In arriving at its decision, the trial court considered the doctor’s earning ability; the overhead necessary to maintain his medical practice; the maintenance of $200,000 face value in life insurance policies, $50,000 of which was to protect the gross alimony payments, and $50,000 to be maintained in force “with the children of the parties to be retained as irrevocable beneficiaries thereof, in equal shares;”3 the family debts; and the attorneys’ fees of both parties, as well as Mrs. Moss’ ability to work. The only car, which was unencumbered, was awarded to the wife.

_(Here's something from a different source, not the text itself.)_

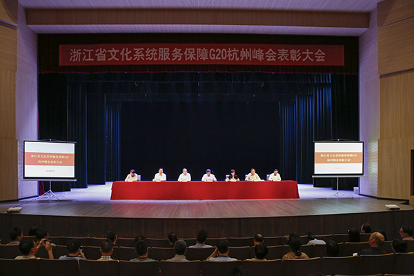 会上,褚子育宣读了浙江省文化厅关于表彰服务保障G20杭州峰会工作先进集体、先进个人的决定。32家单位和部门被授予“浙江省文化系统服务保障G20杭州峰会工作先进集体”,217名同志被授予“浙江省文化系统服务保障G20杭州峰会工作先进个人。
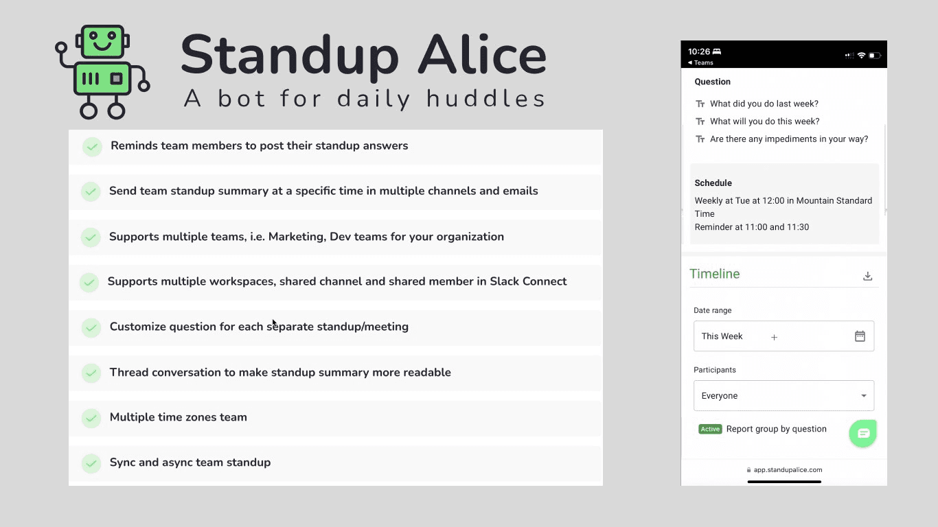 Standup Alice operates within Slack, offering customizable stand-up meeting automation. It supports various time zones for distributed teams and provides insights and analytics to help track team performance and issues.

Under the circumstances, we cannot say that the trial court abused its discretion in entering the challenged order. In fact, it appears that the order was manifestly fair and equitable. It is not a comparable situation to that which confronted the court in Carlson.

II.

Mrs. Moss also contends that the trial court erred in the division of the marital property in awarding Dr. Moss his fifty percent interest in the professional corporation4 without making a finding regarding the specific value of the interest.

The record clearly indicates that Mrs. Moss understood that the primary nature of assets belonging to the professional corporation were accounts receivable. These represented services rendered but not yet paid for. They will convert into salaries for the two professional shareholders and provide the cash flow necessary to operate. She recognized the necessity that Dr. Moss keep his interest in the professional corporation, but maintained that the value of the interest be specifically determined in the findings and that such value be taken into consideration in dividing the remainder of the marital property.

Unfortunately, a trial judge cannot in all circumstances evaluate marital property with razor-sharp exactness so that each party’s share has a precise monetary value. Interests in a professional corporation are basically the sum of the earning capacities of the professional shareholders in the corporation. See 17 B. Eaton, Jr., Business Organizations § 12.05[1] (1975 ed.). The accounts receivable represent delayed install-' ments of that earning capacity. Experts may be able to place a current value on a medical practice, but there are so many uncertainties in human behavior, health, habits, desires, ambitions and life itself, that to place a long-term value on professional earnings cannot be done with judicial exactitude.

*496Although the judge in the present case did not place a specific value on the husband’s interest in the corporation, it is clear from the record that he did consider “the value” of the corporation in determining the division of property. Testimony of an expert witness and an exhibit attempted to prove the value of the corporation and the value of Dr. Moss’ interest therein. Further, while the order does award Dr. Moss his interest in the corporation, including his unvested retirement benefits, it awards Mrs. Moss virtually all other assets of substantial and determinable value.

We believe that the introduction of the evidence regarding the value of Dr. Moss’ interest, coupled with the context of the entire permanent order, demonstrates clearly that the trial court based its order on competent evidence and a thorough consideration of every material factor. The trial court has broad discretion in dividing marital property, Brocato v. Brocato, 172 Colo. 390, 473 P.2d 702 (1970), and we hold that the trial court did not abuse its discretion in this case.

The judgment is affirmed.

MR. JUSTICE GROVES and MR. JUSTICE ERICKSON dissent. MR. JUSTICE DAY does not participate.

The Uniform Dissolution of Marriage Act, section 14-10-101, et seq., applies only to actions commenced on or after January l, 1972. Section 14-10-133, C.R.S. 1973.

For a fuller discussion of the facts in this case, see the court of appeals opinion. Moss v. Moss, 35 Colo. App. 53, 531 P.2d 635 (1974).

The $100,000 decreasing term policy was awarded to the doctor with the right to do with it as he saw fit.

Section 12-36-134, C.R.S. 1973, permits physicians to form professional service corporations within limitations.